* **Task to complete**
All of the data is to be written out again exactly, without the pictures.

Segment Start: Information shown

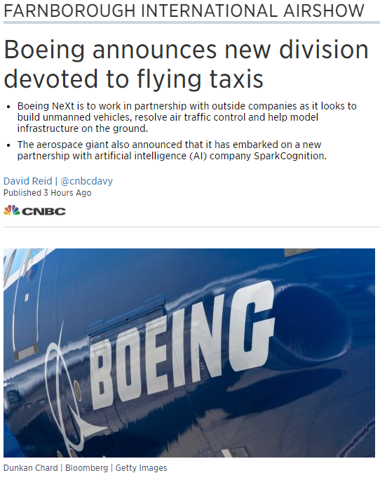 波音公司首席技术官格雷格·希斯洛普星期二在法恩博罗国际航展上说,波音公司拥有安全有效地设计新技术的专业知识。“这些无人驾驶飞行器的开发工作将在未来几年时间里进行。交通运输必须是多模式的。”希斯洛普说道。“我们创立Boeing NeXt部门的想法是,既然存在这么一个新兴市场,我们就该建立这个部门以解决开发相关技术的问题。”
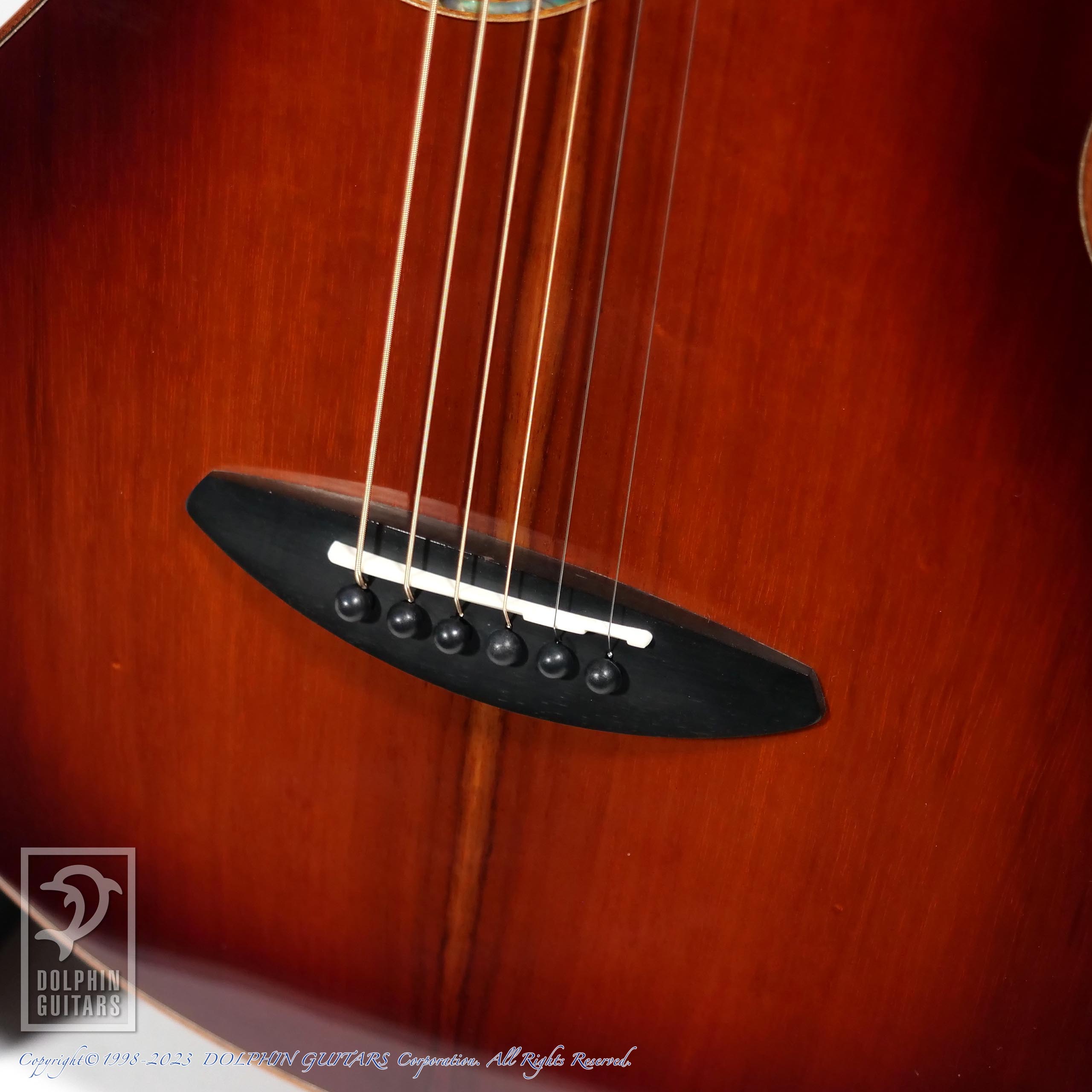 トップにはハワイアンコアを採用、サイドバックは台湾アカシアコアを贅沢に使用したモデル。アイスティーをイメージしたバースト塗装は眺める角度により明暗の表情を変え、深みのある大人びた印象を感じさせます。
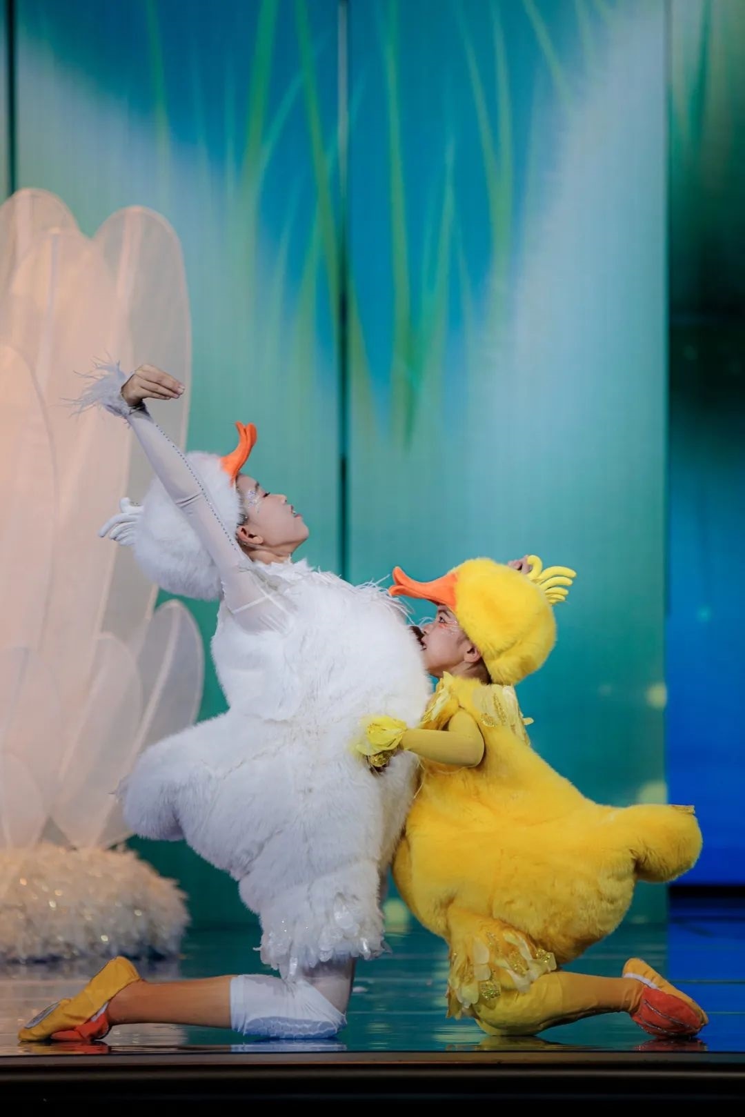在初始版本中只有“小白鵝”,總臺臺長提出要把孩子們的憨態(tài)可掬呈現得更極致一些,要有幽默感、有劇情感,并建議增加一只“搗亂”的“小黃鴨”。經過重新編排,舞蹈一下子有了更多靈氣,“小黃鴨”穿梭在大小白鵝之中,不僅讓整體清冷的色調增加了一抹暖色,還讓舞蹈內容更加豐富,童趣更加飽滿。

Segment End: Information shown

* **Problem solution**
 波音公司首席技术官格雷格·希斯洛普星期二在法恩博罗国际航展上说,波音公司拥有安全有效地设计新技术的专业知识。“这些无人驾驶飞行器的开发工作将在未来几年时间里进行。交通运输必须是多模式的。”希斯洛普说道。“我们创立Boeing NeXt部门的想法是,既然存在这么一个新兴市场,我们就该建立这个部门以解决开发相关技术的问题。”
 トップにはハワイアンコアを採用、サイドバックは台湾アカシアコアを贅沢に使用したモデル。アイスティーをイメージしたバースト塗装は眺める角度により明暗の表情を変え、深みのある大人びた印象を感じさせます。
在初始版本中只有“小白鵝”,總臺臺長提出要把孩子們的憨態(tài)可掬呈現得更極致一些,要有幽默感、有劇情感,并建議增加一只“搗亂”的“小黃鴨”。經過重新編排,舞蹈一下子有了更多靈氣,“小黃鴨”穿梭在大小白鵝之中,不僅讓整體清冷的色調增加了一抹暖色,還讓舞蹈內容更加豐富,童趣更加飽滿。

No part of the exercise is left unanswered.